Configuration Schema¶

Complete reference for gpux.yml configuration file.

Overview¶

The gpux.yml file is the single source of truth for GPUX model configuration. It defines everything from model paths to runtime settings and serving configuration.

name: string              # Required: Model name
version: string           # Optional: Model version (default: "1.0.0")
description: string       # Optional: Model description

model:                    # Required: Model configuration
  source: string          # Required: Path to model file
  format: string          # Optional: Model format (default: "onnx")
  version: string         # Optional: Model version

inputs:                   # Required: Input specifications
  - name: string          # Required: Input name
    type: string          # Required: Data type
    shape: [int]          # Optional: Tensor shape
    required: bool        # Optional: Required field (default: true)
    max_length: int       # Optional: Maximum length
    description: string   # Optional: Input description

outputs:                  # Required: Output specifications
  - name: string          # Required: Output name
    type: string          # Required: Data type
    shape: [int]          # Optional: Tensor shape
    labels: [string]      # Optional: Class labels
    description: string   # Optional: Output description

runtime:                  # Optional: Runtime configuration
  gpu:
    memory: string        # GPU memory limit (default: "2GB")
    backend: string       # GPU backend (default: "auto")
  timeout: int            # Timeout in seconds (default: 30)
  batch_size: int         # Batch size (default: 1)
  enable_profiling: bool  # Enable profiling (default: false)

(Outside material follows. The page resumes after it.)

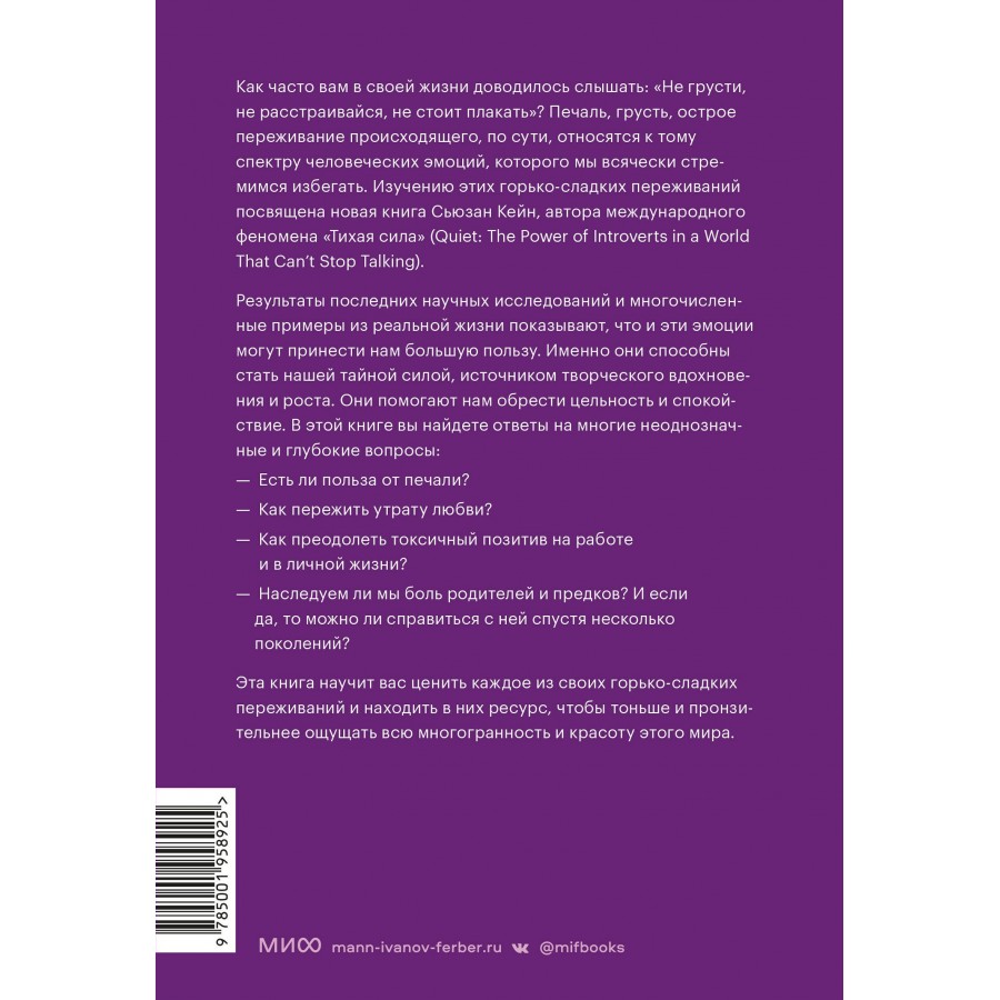 Печаль, грусть, боль — чувства, которых мы часто стараемся избегать. Но Сьюзан Кейн уверена: именно они способны стать нашей тайной силой. Эта пронзительная и глубокая книга поможет принять и прожить эмоции. Она возвращает читателю право на сложные негативные чувства и снимает с них стигму, а также поможет пережить непростые времена и придаст сил.

serving:                  # Optional: HTTP serving configuration
  port: int               # Server port (default: 8080)
  host: string            # Server host (default: "0.0.0.0")
  batch_size: int         # Serving batch size (default: 1)
  timeout: int            # Request timeout (default: 5)
  max_workers: int        # Max worker processes (default: 4)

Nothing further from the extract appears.